The Light at the Beginning of the Tunnel

I was supposed to wake up this morning in a hospital bed and my right arm in a sling. Instead, I rose two handed to birdsong and a vibrant, violet-orange sunrise over the mulberry tree. A pre-admission COVID check was enough to convince my surgeon that the tail end of a cold was worth delaying my arthroscopy another two weeks.

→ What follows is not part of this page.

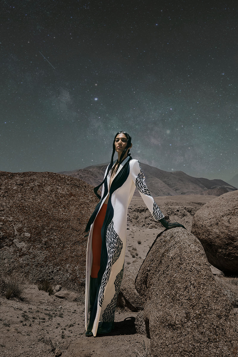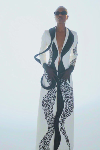 Crafted from sumptuous off-white taffeta, this floor-length jacket is a statement in refined elegance and artisanal excellence. Delicately hand-embroidered with black thread, every stitch speaks to the precision and artistry of our craft. What elevates this piece is the sculptural drape—meticulously constructed using a specially wired fabric, it cascades effortlessly from one side of the front panel, creating a striking interplay of structure and fluidity. A true embodiment of modern couture, this jacket redefines timeless sophistication through detail and form.
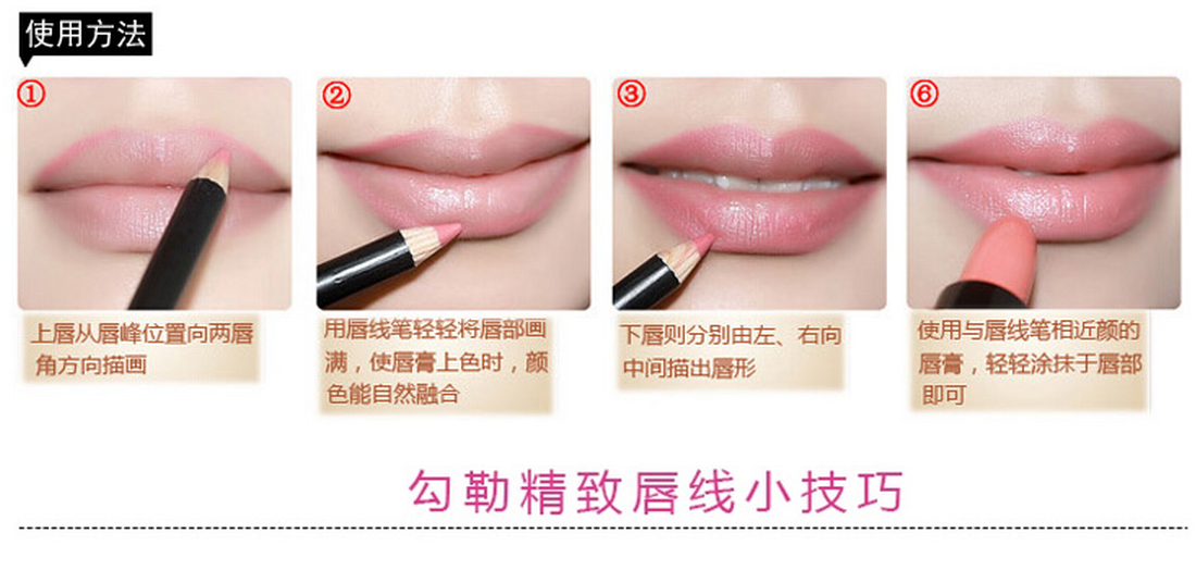 【使用方法】:选择与唇膏颜色相配的唇线笔,先描绘出上唇的唇峰,再以长而匀滑的笔触,由嘴角往中央描绘上、下唇的唇形,之后再涂唇膏。

I'm not sure if it's appropriate to feel good about this. There's something about my right arm that makes it my favourite of all my limbs. I think that's because it holds the pen, holds the mouse, taps the screen. I'd say I do about 90% of my communication through writing. Going without my arm, just for a couple of weeks, makes me think of having duct tape over my mouth rather than missing an opposable thumb to crack a tray of ice into a blender, steer a car, or reach above my head in a yoga pose to open my hips. I can live with two arms for a little while longer.

Potential frustration also fermented into philosophy. What if this delay was fate. What if I don't really need this surgery. After all, my shoulder only hurts when it's away from my body, pushing something, or trying to hit threes in community centre basketball courts. Can I live without those things? Maybe. I don't know. Maybe it doesn't hurt that much. I can't tell if I'm in denial about my injury, or in denial about being in denial.

Either way, I wasted a lot of time cleaning the house last week.